Rich countries, for their part, also have homework to do.
“In high-income countries, many infectious deaths are related to hospitalized patients and resistant microorganisms. There is always a need to improve hand hygiene in healthcare facilities, while prudent use of antimicrobial drugs and antimicrobial stewardship could help reduce the emergence and spread of resistant bacteria, both in hospitals and in the community.”
Another formula to reduce the burden of bacterial infections is vaccination.
“There is a shortage of vaccines in developing countries… the populations are unprotected,” Vila laments. The authors highlight the power of inoculations against other microorganisms, such as the influenza virus, which can facilitate subsequent bacterial superinfections.
María del Mar Tomás – spokesperson for the Spanish Society of Infectious Diseases – agrees on the need for vaccination campaigns and improved rapid diagnostic techniques:
“These bacteria are everywhere – it’s not difficult to come into contact with them. And, in sick or immunocompromised patients, they can cause infections.
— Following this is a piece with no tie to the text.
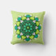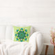 Coussin de mandala floral avec une fleur verte créée à partir d'une encre et aquarelle dessin botanique abstrait.

If you get vaccinated against viral infections, you can reduce the risk of suffering a bacterial superinfection later.”
The authors note that “high-income countries are also in a better position to develop vaccines that specifically target infectious agents.” Vila defends what is known as the “24/7″ approach:
“Microbiology laboratories need to have microbiologists and technical support on-call 24 hours-a-day, seven-days-a-week. Infections don’t understand schedules.”